Thank you. Maybe my question was not formulated right, did Old-Belorussian and Ukrainian develop from Old-Church Slavonic, or were they independent languages or dialects that existed along side Old Church Slavonic. How much different is contemporary Church Slavonic  from Old-Church Slavonic?


----------



## ahvalj

Arath said:


> At the time when Old Church Slavonic was codified all Slavic languages were mutually intelligible. So, determining whether OCS, Old-Belorussian and Ukrainian were different languages or dialects of the same language is a controversial issue. Simply, there isn't a clear-cut distinction between dialects and languages.

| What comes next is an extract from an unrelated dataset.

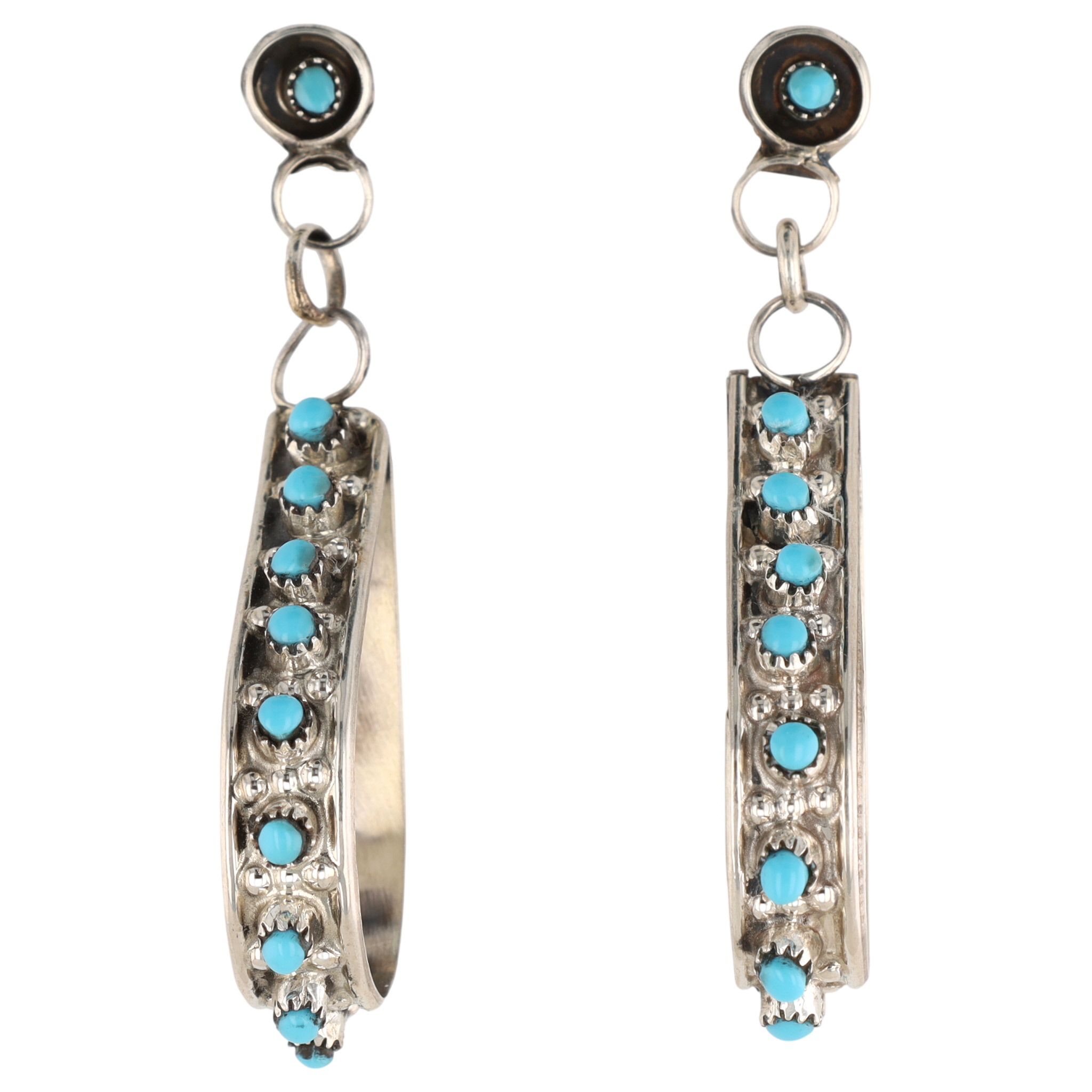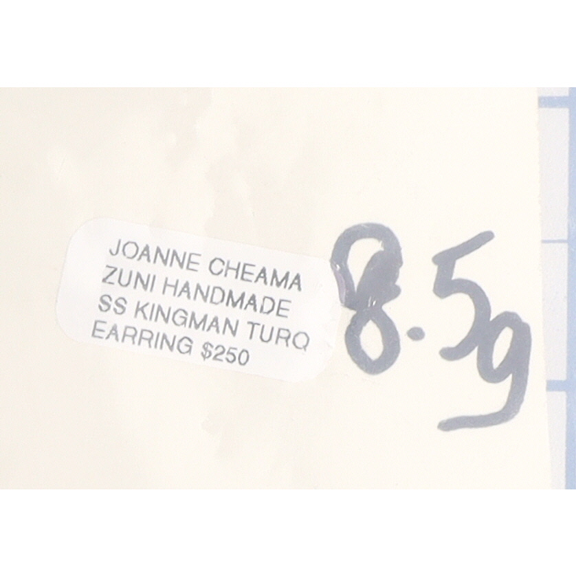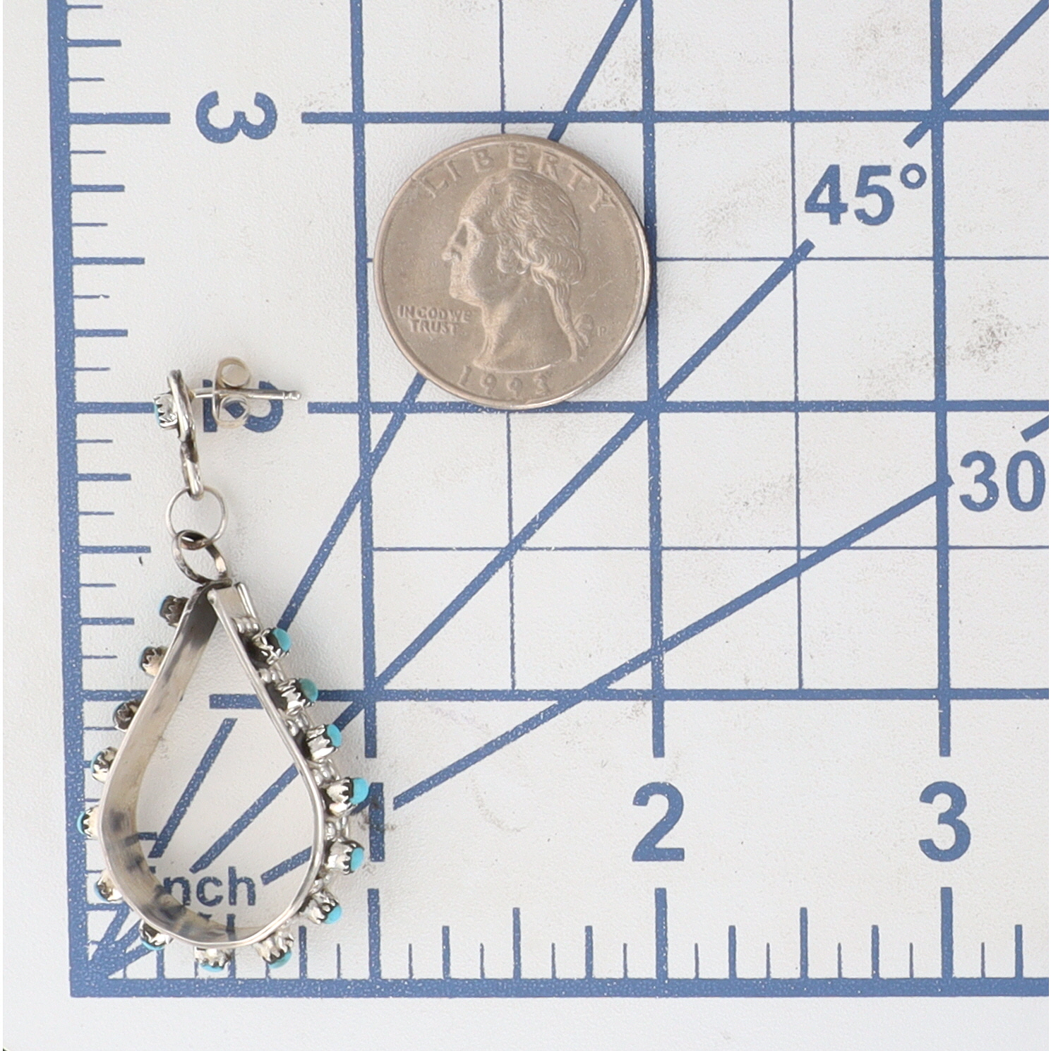 A pair of Joanne Cheama Zuni handmade sterling silver Kingman turquoise teardrop hoop earrings, weighing 8.5g and measuring approximately 1.75 inches long.

Another moment is that the later language boundaries are rather casual and, especially between Ukrainian-Belorussian on one side and Russian on the other, reflect political boundaries that emerged after the Mongol and Lithuanian invasions. Also, the tribal boundaries of the time of the Slavic colonization of Eastern Europe did not correspond well to the boundaries of the later principalities. In addition, most features, which split the modern East Slavic linguistic map, originated in the 2nd millenium — very few of them (mainly in the accentuation system) can be traced to an earlier period. So, in no way can we speak of the proto-Russian, proto-Ukrainian or proto-Belorussian for the 9-10th centuries — there were more dialects at that time, their boundaries were different than those established several centuries later, and the distinctive characters of these three languages were still to appear. When you read the opposite claims in the modern Ukrainian and Belorussian literature, these are merely grimaces of the emerging national identity.


----------



## ahvalj

LilianaB said:


> Thank you. Maybe my question was not formulated right, did Old-Belorussian and Ukrainian develop from Old-Church Slavonic, or were they independent languages or dialects that existed along side Old Church Slavonic


The Old Church Slavonic originated as the literature form of the Thessaloniki (i. e. Bulgarian or Macedonian) dialect. If we look at the groups of Slavic dialects of the 9-10th centuries from the future, we can call them separate languages; if we were linguists describing these groups of dialects in the 9th century, probably we would have preferred to regard them as a single language with the Church Slavonic literature norm. In the 11th century, 200 years later, most future languages (but not future Russian, Ukrainian and Belorussian or Bulgarian and Macedonian) had already diverged enough to be regarded separately.


----------



## LilianaB

Thank you, Ahvalj. When you talk about the common Slavic, do you have in mind the Old-Church Slavonic or a different language. Were Ukrainian and Belorussian just various local dialects from, let's say 10th century until the XVII century when Polish became the official language of many regions inhabited by Ukrainians and Belorussians. How close was the Slavic language of the Lithuanian Commonwealth  to Russian of X-XVII. I just would like to know the basics. Thank you. There are so many conflicting opinions.


----------



## ahvalj

LilianaB said:


> How much different is contemporary Church Slavonic  from Old-Church Slavonic?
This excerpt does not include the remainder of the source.